Hi Ebony! I think Lops are cuties! My hoomin think you're cute too!


----------



## tonyshuman

Big hellos to the black bunnies! We have them at the shelter a lot and sometimes we have a hard time finding them homes. I don't know why! Maybe people are worried that a black bunny will hide in the shadows and jump out at them, like a ninja! Do you guys do that?


----------



## kirbyultra

hii everybun! I'm Kirby and I am a black bun too.

I have 1 white mark on my neck, 1 white paw and my wittle wips are also white. :biggrin2:


----------



## Katmais_mommy

Tonyshuman, my momma only likes black bunnies, so me and my brother and my sister were lucky buns!

Kirby, I look a lot like you! I have white on my neck. My hoomin calls it a necklace but i think that sounds to girly. And my socks are white too. How much do you weigh?


----------



## kirbyultra

I weigh like almost 6 lbs but my mom says I am pudgey butt  I can't help it, she gives me good nomz.
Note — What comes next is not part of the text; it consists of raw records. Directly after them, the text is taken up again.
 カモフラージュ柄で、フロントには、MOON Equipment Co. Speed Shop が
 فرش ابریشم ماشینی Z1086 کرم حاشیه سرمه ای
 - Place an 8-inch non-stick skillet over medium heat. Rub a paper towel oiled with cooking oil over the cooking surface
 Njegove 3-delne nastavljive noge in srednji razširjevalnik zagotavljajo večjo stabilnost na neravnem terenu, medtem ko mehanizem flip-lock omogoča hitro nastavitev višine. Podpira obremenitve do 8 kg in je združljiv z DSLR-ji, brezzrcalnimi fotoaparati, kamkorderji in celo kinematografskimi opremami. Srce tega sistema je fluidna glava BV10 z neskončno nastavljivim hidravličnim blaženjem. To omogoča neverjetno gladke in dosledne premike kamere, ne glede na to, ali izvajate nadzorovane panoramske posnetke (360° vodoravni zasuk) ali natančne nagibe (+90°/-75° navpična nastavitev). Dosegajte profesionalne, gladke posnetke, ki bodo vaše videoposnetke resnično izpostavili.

No, I don't like to hide in shadows. I like to hide under boxes. But I never scare mommy. I like to sit nicely and wait for her to find me  

Mom tells me there are lots of black buns at the shelter here too  I dunno why. Aren't we handsome enough?


----------



## Katmais_mommy

Does your hoomin know what breed you are?


----------



## Violet23

Lookin for black buns? 




All black 'cept for mai tummeh, and mai nose, and eyeliner, etc. Aint i bootiful? and being black helps me hide under the couch, mai hoomin always finds me somehow tho, dont know how, i blend in so well


----------



## kirbyultra

*Katmais_mommy wrote: *


> Does your hoomin know what breed you are?




I'm a Satin mix :bunnydance:


----------



## mistyjr




----------



## Bunny Walnut

I'm a black bunny


----------



## kirbyultra

Aw, Walnut is pretty.


----------



## SOOOSKA

Hi my name is Winston. I'm mostly Black half my face is white and I have like a white necklace, I tell Mommie it's actually a white bowtie, I have a white paw too.











Winston


----------



## tonyshuman

My name is Frida and I am mostly black too. I am also pretty darn grumpy.
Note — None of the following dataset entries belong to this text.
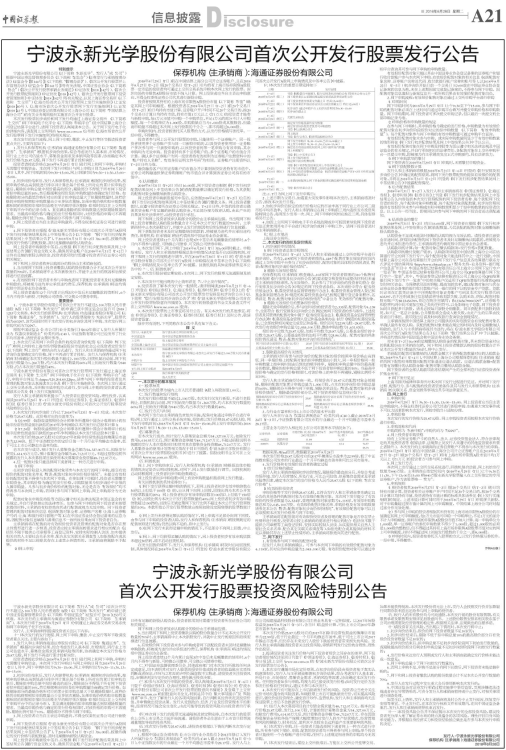 宁波永新光学股份有限公司首次公开发行股票发行公告
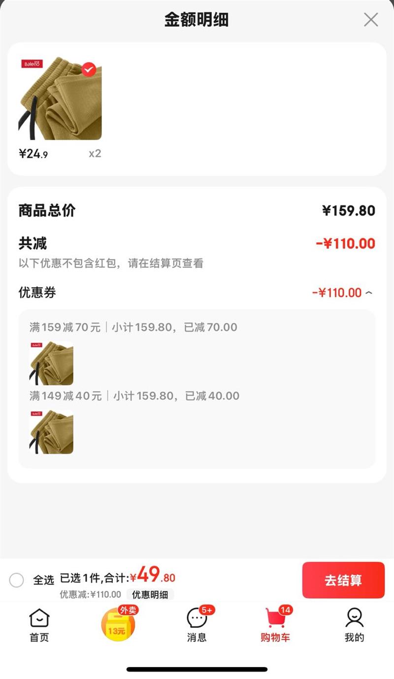 满159元减70元
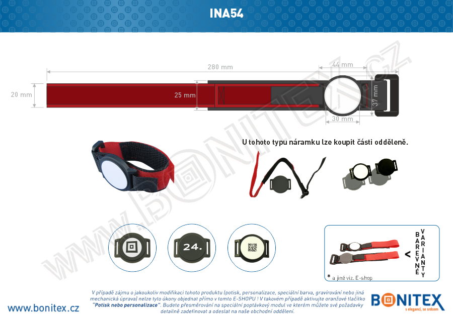 Nylonový náramek s samostatnou nylonovou páskou (285x25 mm) s suchým zipem; Tento černo-červený nylonový identifikační pásek k čipu INA54 má rozměry 280x25 mm a je vybaven suchým zipem. Ideální pro použití v přístupových a identifikačních systémech v aquaparků, bazénů a saun.

Although I will snuggle with you if there's no other option. 




MWAH!!


----------



## KarriS

yesss my name is bunny and i am a black lop eared my mom loooves me too I love jumping up on the couch and laying there with my mom


----------



## iluvdutchrabbbits90

My name is Sasha and im all black and my sista Kiwi is also all black with a white nose!
Here we are!And my sister Raven too!


----------



## jcl_24

Hello,
I'm an all black bunny called Ebony. My ears are lopped. That's me as a baby in the avatar. I've grown a lot now and the bunny slave/human describes me as stocky and athletic with means I am strong, fastand can jump high.
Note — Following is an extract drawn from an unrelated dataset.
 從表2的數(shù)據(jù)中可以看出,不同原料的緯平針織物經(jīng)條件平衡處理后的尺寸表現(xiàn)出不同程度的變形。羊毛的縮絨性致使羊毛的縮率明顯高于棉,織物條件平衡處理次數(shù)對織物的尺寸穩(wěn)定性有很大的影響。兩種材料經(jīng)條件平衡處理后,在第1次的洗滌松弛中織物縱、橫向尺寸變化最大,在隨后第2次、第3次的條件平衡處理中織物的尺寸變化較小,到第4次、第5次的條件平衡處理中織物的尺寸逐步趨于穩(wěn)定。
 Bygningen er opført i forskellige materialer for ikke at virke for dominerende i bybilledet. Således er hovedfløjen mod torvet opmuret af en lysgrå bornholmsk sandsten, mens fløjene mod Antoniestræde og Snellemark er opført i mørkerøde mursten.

My large, silky ears are a constant source of admiration from the humans now. 

Power to beautiful or handsome black bunnies.

Ebony x


----------



## Kim1218

My name is Shadow. I'm a lion head mix. I'm almost 7 months old, and I'm getting spayed next week. I'm black with a dark gray man and dark gray on my sides & back legs. I'm full of energy and I love climbing up high on the furniture.


----------



## lionheadhope

this is me im called blossom me wove my hooman



dis is me when me was a baby bun ignor the date my hooman got it rong or it ma be my boder he smelly!


----------



## kirstin

Hewo! My name ish Milo and I is a black bun!! 

Go to http://tailoftwobunniesrabbitry.yolasite.com/picture-gallery.php

And I is da black one! :biggrin2:Aren't I cute??


----------



## Nancy McClelland

sadly, my two little black bunnies have both gone to the bridge---Stewart II and Bonnie.


----------



## sparney

im an orange.
the other day mah mummy sed dat she saw a orange wabbit in dah pet food shop.
im anuver rareish color!
oh its fun


----------



## lillyen10

Hi poes hewe im doin dis by iPod so it's hawd but any ways I'm a black bun! I'm all furry and fluffy. Wite now I'm welly angwy cuz I'm sheding but I'm kinda happy cuz bubba keeps fowgeting to close da cage so I hop out and scawe dadda and mommy also I'm a mini Rex oops gotta go sissys comin love y'all see ya later


----------